■ Collected data ■
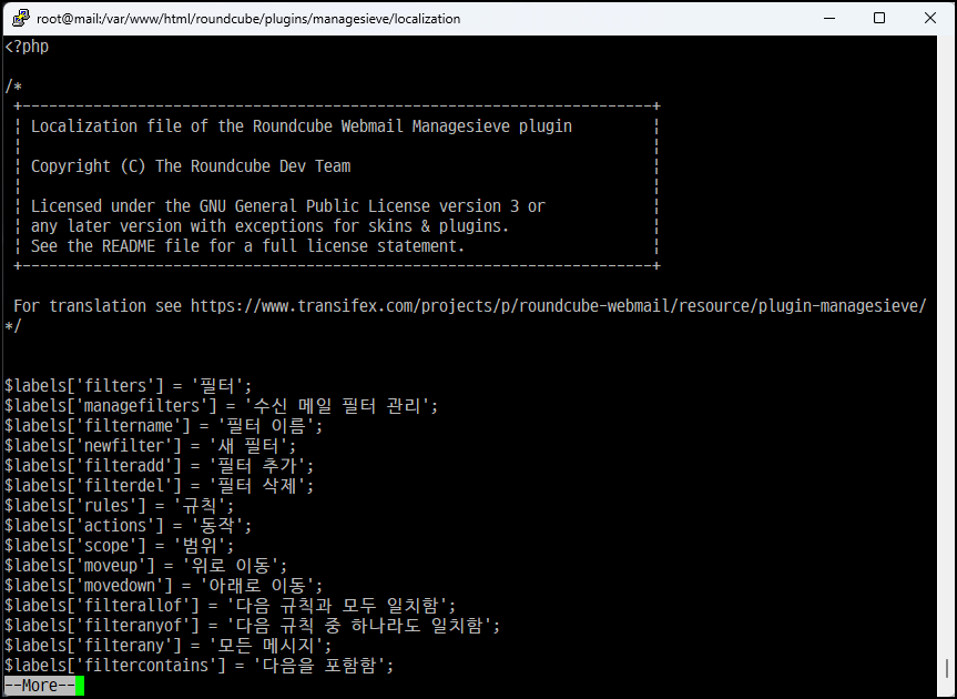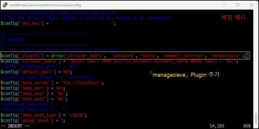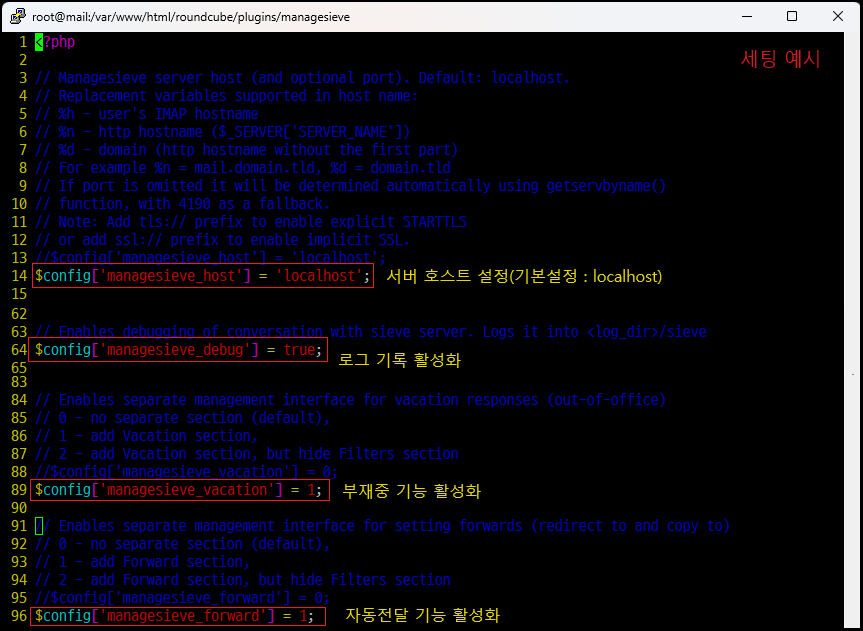 [root@mail managesieve]# vim config.inc.php [환경 설정 열기]
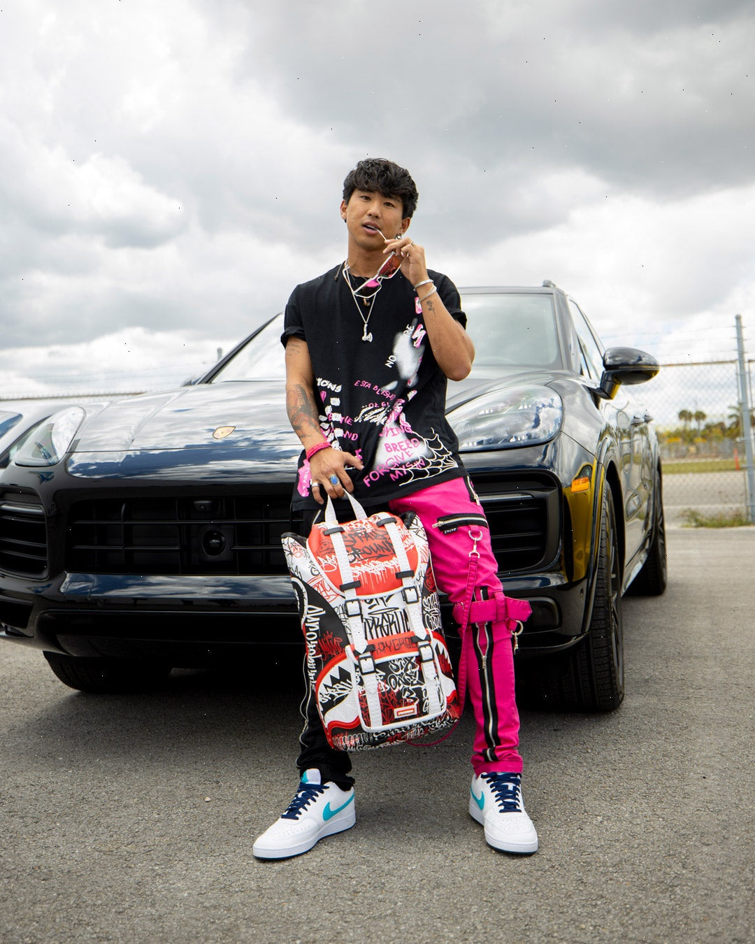 ExteriorDimensions: 20.5" x 5" x 11.5" ? Top Flap opening w/ adjustable magnetic snap buckle closure ? Draw-string closure ? Front pocket with adjustable magnetic snap buckle closure ? Ergonomic mesh back padding ? Adjustable straps for custom sizing ? Nylon zippers with metal hardware ? Embossed sharkteeth straps ? Slide through back sleeve connects to carry-on luggage to free your hands
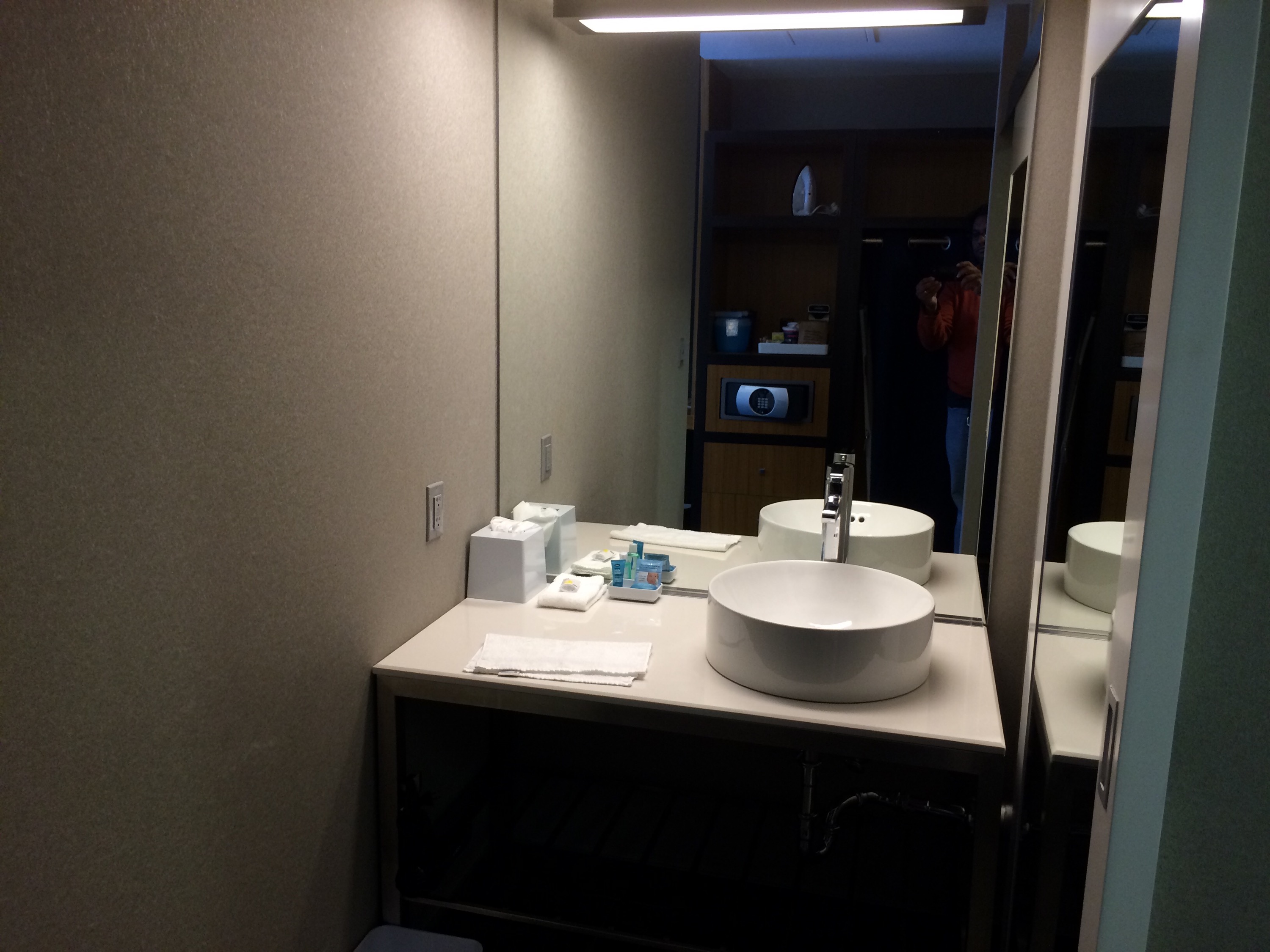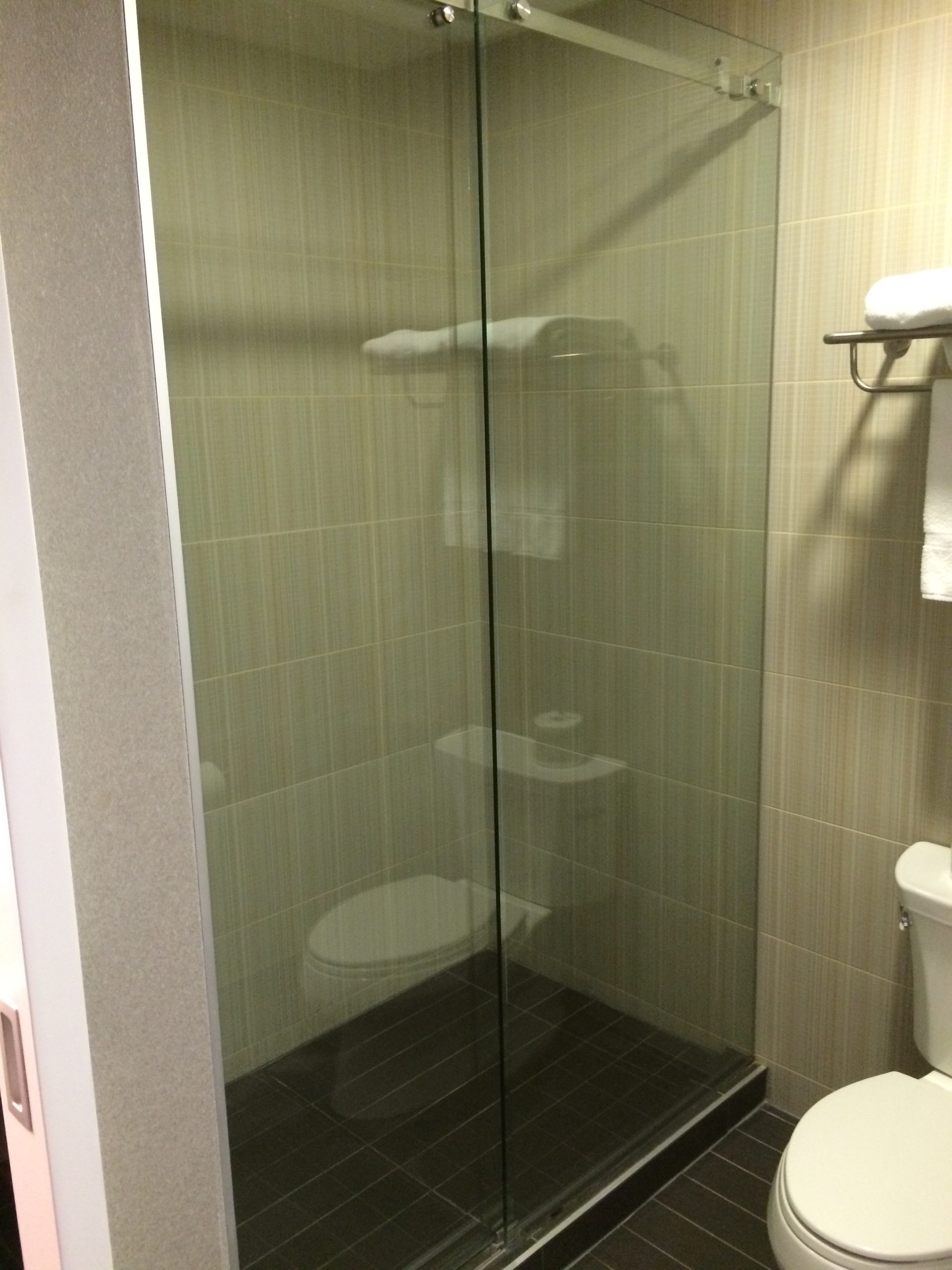 As for the rooms they are as cookie cutter as any other location down to the bedding, pillows and phone. There’s almost something funny about how every one of these hotels is exactly the same. I fear one time I’ll wake up and wonder which location I’m staying at. The only thing different about this particular room, was that the shower had a sliding door and not a door you open towards you. And the sink was just a bit different too. Again nothing major at all, but when I say these rooms are the same from city to city and state to state I mean it.

■ Instructions for the task ■
With the pictures excluded, restate the material exactly as it stands.

■ Task answer ■
 [root@mail managesieve]# vim config.inc.php [환경 설정 열기]
 ExteriorDimensions: 20.5" x 5" x 11.5" ? Top Flap opening w/ adjustable magnetic snap buckle closure ? Draw-string closure ? Front pocket with adjustable magnetic snap buckle closure ? Ergonomic mesh back padding ? Adjustable straps for custom sizing ? Nylon zippers with metal hardware ? Embossed sharkteeth straps ? Slide through back sleeve connects to carry-on luggage to free your hands
 As for the rooms they are as cookie cutter as any other location down to the bedding, pillows and phone. There’s almost something funny about how every one of these hotels is exactly the same. I fear one time I’ll wake up and wonder which location I’m staying at. The only thing different about this particular room, was that the shower had a sliding door and not a door you open towards you. And the sink was just a bit different too. Again nothing major at all, but when I say these rooms are the same from city to city and state to state I mean it.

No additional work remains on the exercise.